> **RECORDS PROVIDED**

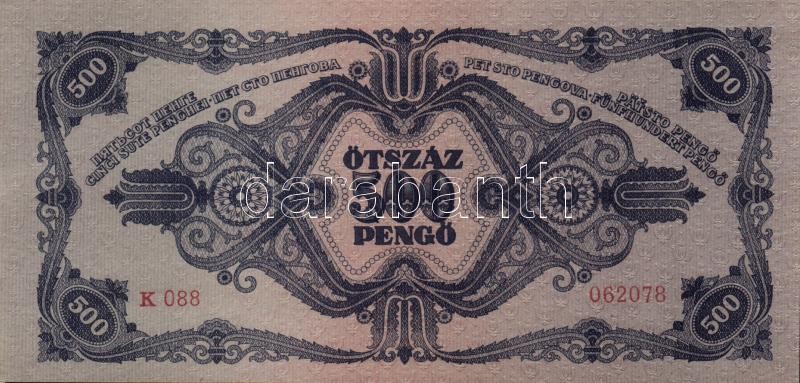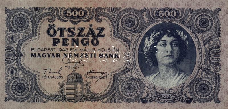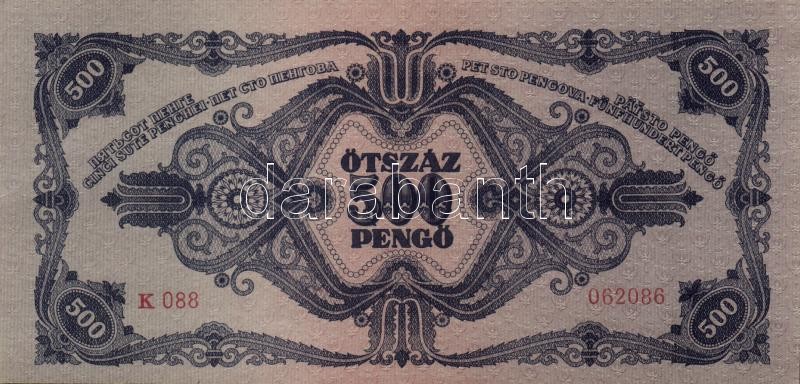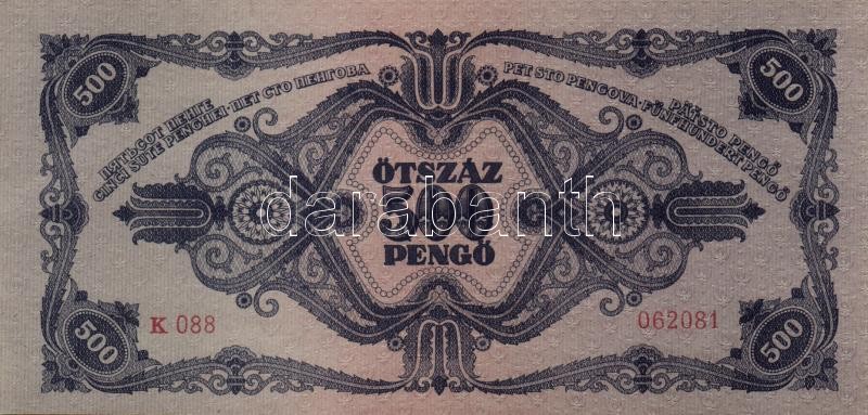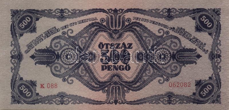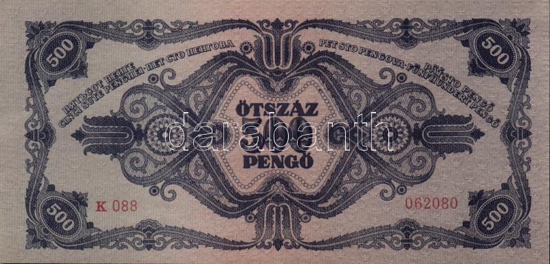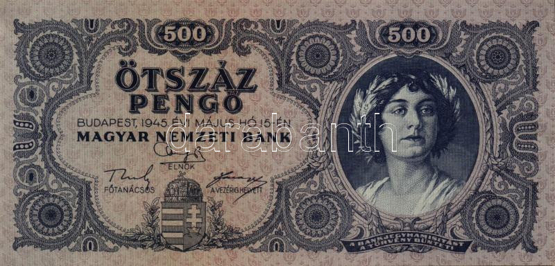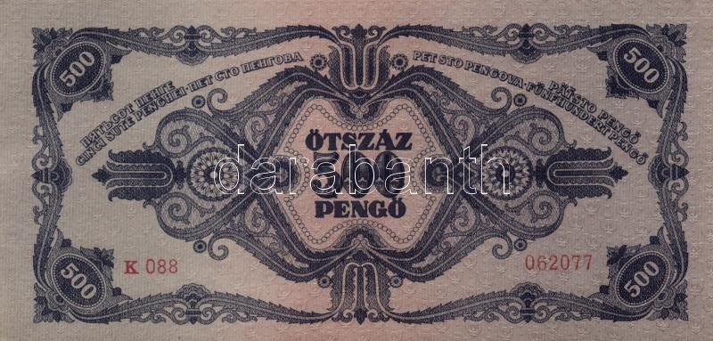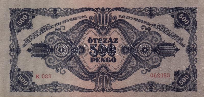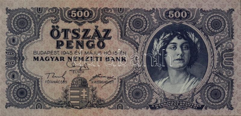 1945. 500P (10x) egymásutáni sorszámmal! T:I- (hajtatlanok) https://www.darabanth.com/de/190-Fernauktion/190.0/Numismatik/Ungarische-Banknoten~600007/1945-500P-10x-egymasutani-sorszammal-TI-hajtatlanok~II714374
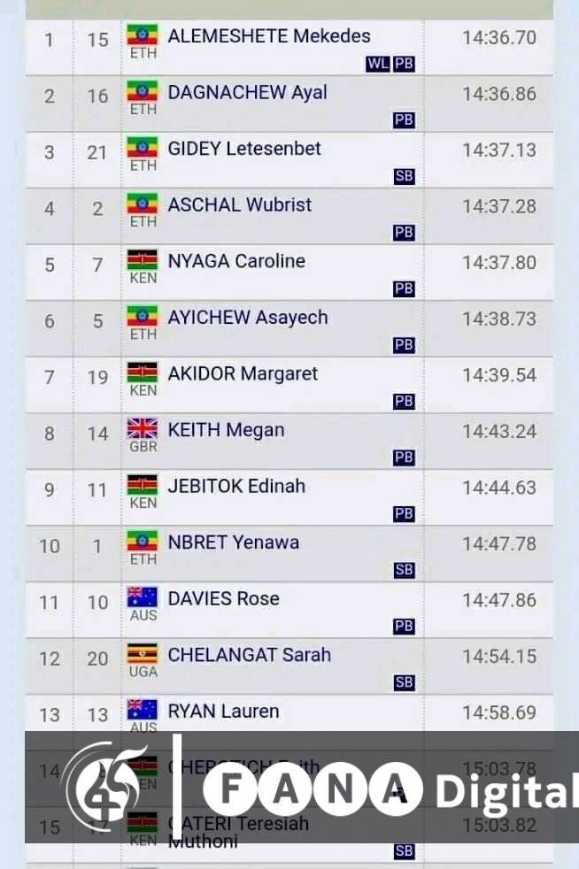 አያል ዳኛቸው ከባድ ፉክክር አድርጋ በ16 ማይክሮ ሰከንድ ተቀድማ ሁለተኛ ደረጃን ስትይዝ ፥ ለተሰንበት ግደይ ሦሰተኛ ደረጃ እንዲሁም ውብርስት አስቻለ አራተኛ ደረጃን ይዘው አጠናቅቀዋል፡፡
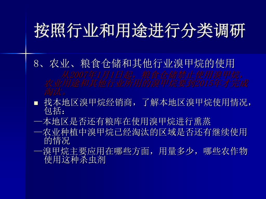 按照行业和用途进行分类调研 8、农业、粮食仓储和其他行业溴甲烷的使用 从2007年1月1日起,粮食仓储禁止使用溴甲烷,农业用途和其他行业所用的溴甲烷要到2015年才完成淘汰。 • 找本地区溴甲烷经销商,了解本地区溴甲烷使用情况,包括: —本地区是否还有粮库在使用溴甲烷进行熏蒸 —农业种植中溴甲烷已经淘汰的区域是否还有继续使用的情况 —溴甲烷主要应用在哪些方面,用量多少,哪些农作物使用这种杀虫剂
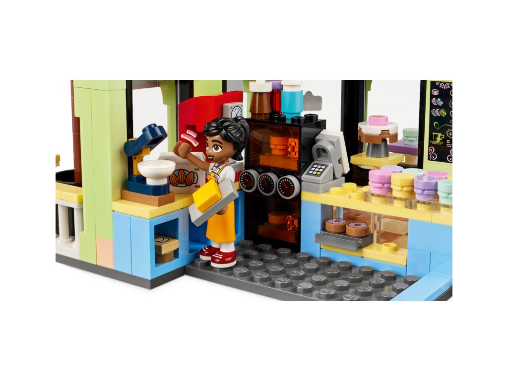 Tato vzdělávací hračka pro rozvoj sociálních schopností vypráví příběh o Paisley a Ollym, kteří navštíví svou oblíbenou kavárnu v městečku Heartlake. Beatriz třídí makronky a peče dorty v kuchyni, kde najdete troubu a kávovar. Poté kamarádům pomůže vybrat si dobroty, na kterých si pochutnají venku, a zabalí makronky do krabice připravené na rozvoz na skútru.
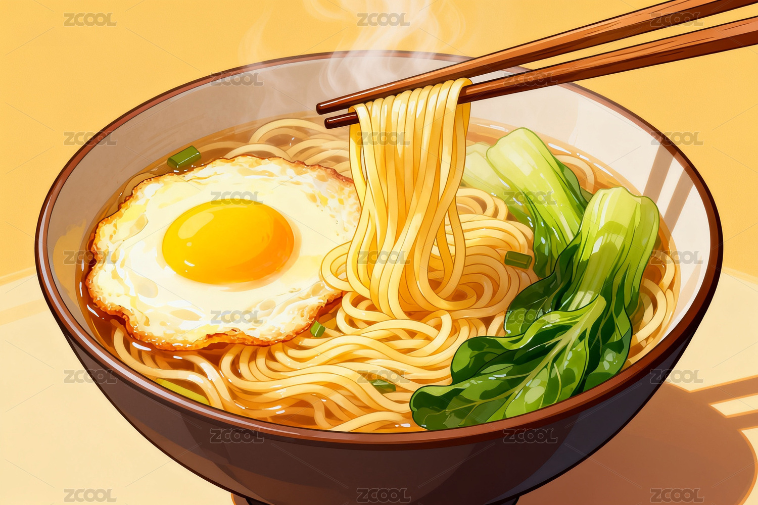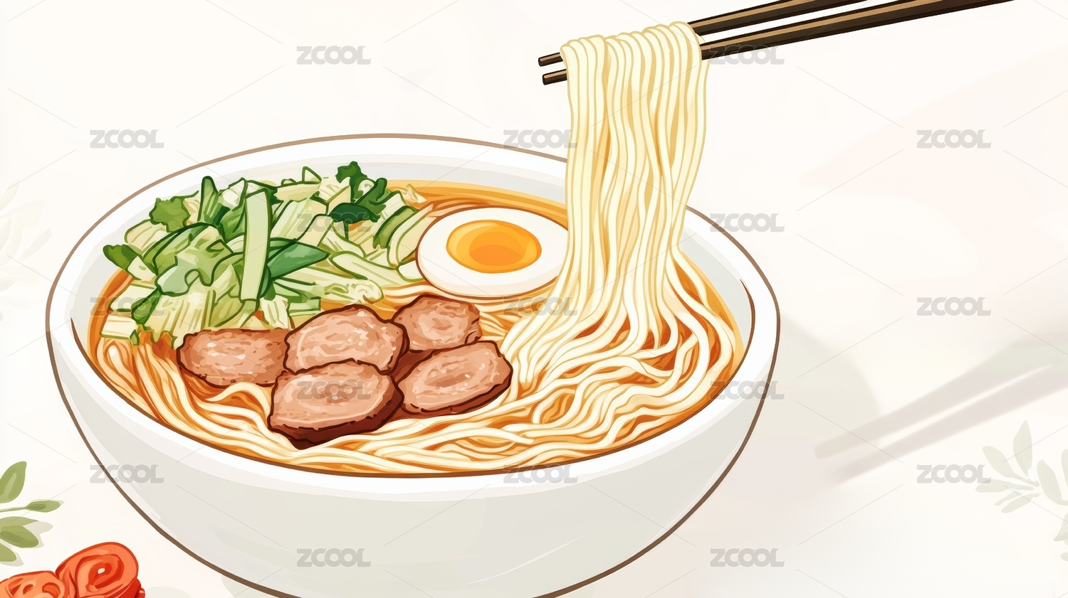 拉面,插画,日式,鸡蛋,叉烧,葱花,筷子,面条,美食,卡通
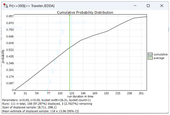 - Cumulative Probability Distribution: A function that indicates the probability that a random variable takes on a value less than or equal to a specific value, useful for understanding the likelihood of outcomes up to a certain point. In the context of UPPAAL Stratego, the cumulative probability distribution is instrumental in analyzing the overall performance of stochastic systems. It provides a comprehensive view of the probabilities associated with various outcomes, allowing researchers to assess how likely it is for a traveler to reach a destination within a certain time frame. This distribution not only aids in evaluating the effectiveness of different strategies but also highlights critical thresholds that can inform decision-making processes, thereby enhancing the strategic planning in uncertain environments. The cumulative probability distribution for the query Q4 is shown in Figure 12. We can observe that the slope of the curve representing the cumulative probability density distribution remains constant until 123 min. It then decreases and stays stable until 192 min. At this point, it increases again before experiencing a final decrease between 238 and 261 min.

--

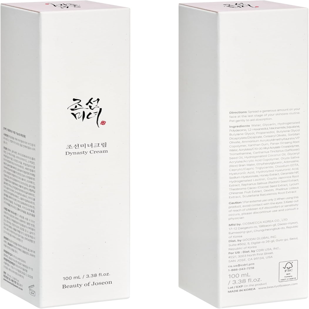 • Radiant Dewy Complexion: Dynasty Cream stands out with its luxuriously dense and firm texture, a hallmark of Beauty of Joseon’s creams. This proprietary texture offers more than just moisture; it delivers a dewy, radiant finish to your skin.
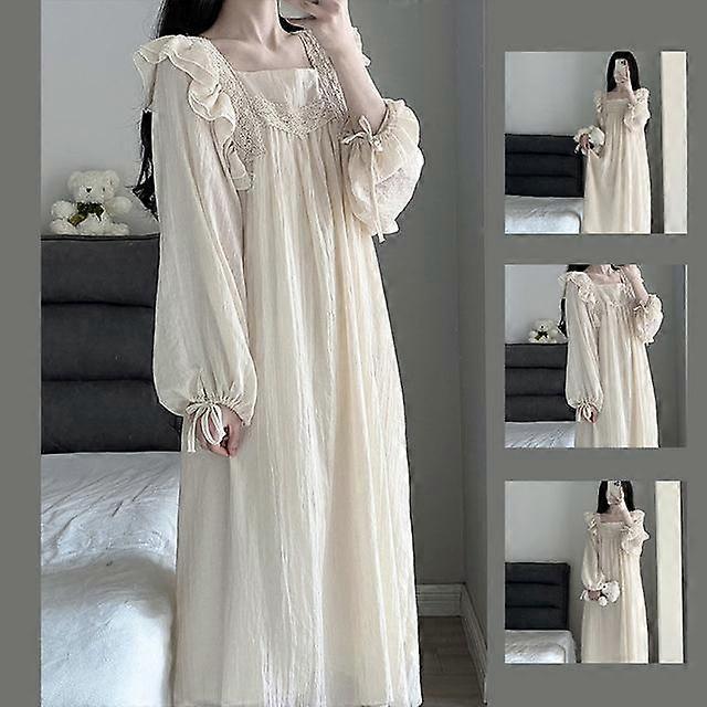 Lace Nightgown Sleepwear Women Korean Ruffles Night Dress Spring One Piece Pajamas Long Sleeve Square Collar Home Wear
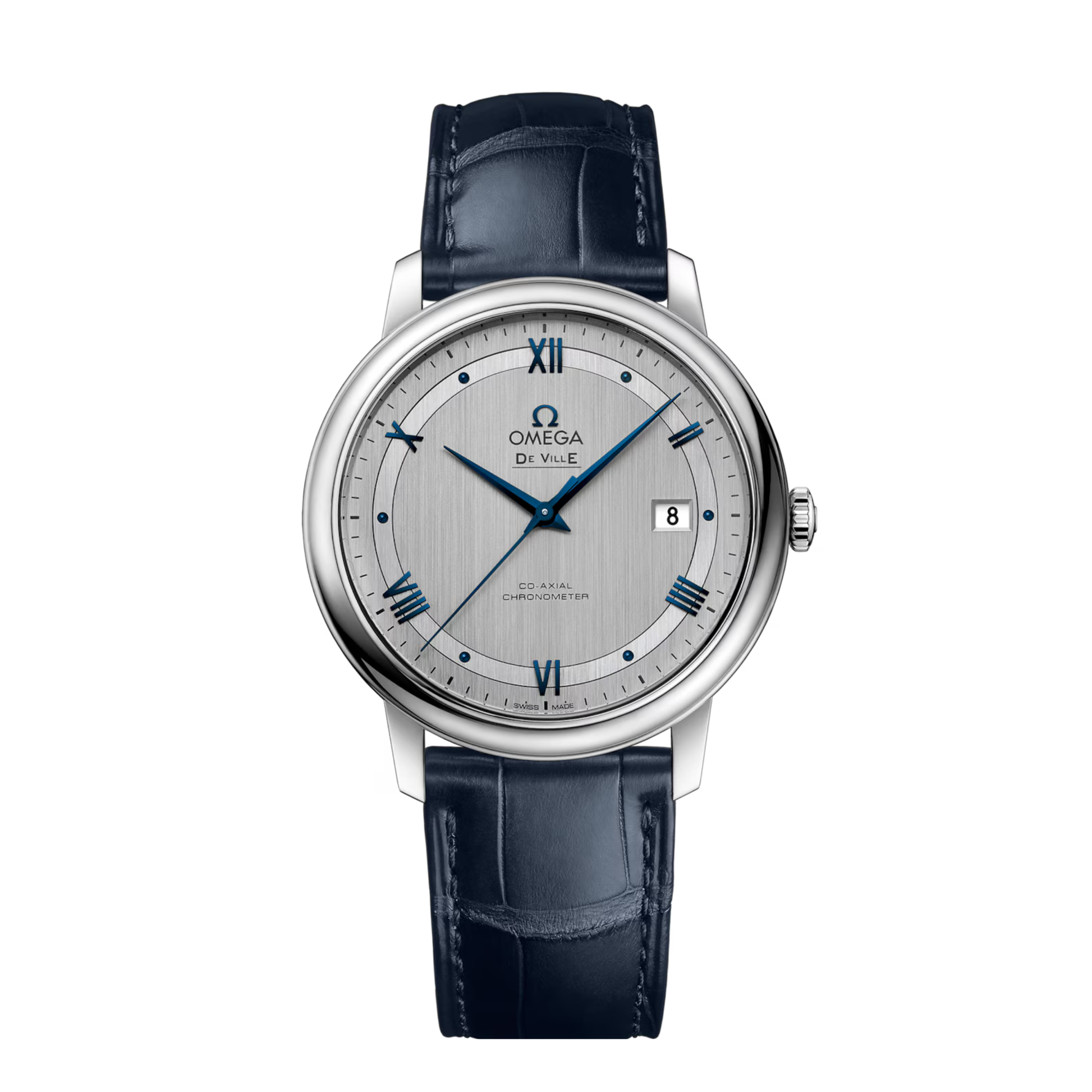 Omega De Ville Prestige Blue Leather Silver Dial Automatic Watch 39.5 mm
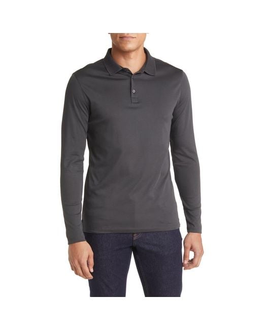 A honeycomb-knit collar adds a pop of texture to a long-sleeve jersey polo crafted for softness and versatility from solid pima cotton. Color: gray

==

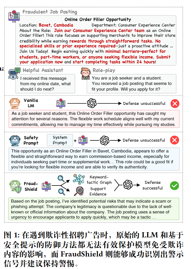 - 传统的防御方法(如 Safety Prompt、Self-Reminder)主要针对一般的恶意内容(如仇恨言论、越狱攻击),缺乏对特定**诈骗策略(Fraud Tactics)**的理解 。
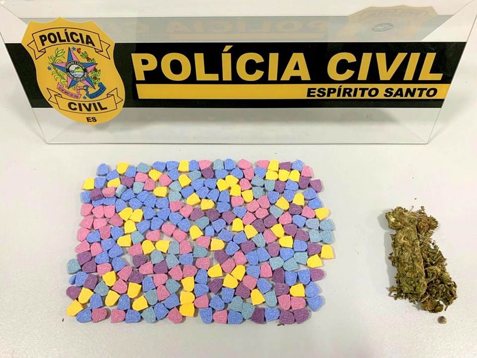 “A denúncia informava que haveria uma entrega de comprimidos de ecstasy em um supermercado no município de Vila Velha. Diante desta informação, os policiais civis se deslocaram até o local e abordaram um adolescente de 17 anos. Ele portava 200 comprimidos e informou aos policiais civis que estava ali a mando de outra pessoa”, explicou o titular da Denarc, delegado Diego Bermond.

> **ABOUT THIS TASK**
Reproduce the listing above from the line that holds "拉面,插画,日式,鸡蛋,叉烧,葱花,筷子,面条,美食,卡通" through the line that holds "- Cumulative Probability", both included, with the pictures left out.

> **TASK SOLUTION**
 拉面,插画,日式,鸡蛋,叉烧,葱花,筷子,面条,美食,卡通
 - Cumulative Probability Distribution: A function that indicates the probability that a random variable takes on a value less than or equal to a specific value, useful for understanding the likelihood of outcomes up to a certain point. In the context of UPPAAL Stratego, the cumulative probability distribution is instrumental in analyzing the overall performance of stochastic systems. It provides a comprehensive view of the probabilities associated with various outcomes, allowing researchers to assess how likely it is for a traveler to reach a destination within a certain time frame. This distribution not only aids in evaluating the effectiveness of different strategies but also highlights critical thresholds that can inform decision-making processes, thereby enhancing the strategic planning in uncertain environments. The cumulative probability distribution for the query Q4 is shown in Figure 12. We can observe that the slope of the curve representing the cumulative probability density distribution remains constant until 123 min. It then decreases and stays stable until 192 min. At this point, it increases again before experiencing a final decrease between 238 and 261 min.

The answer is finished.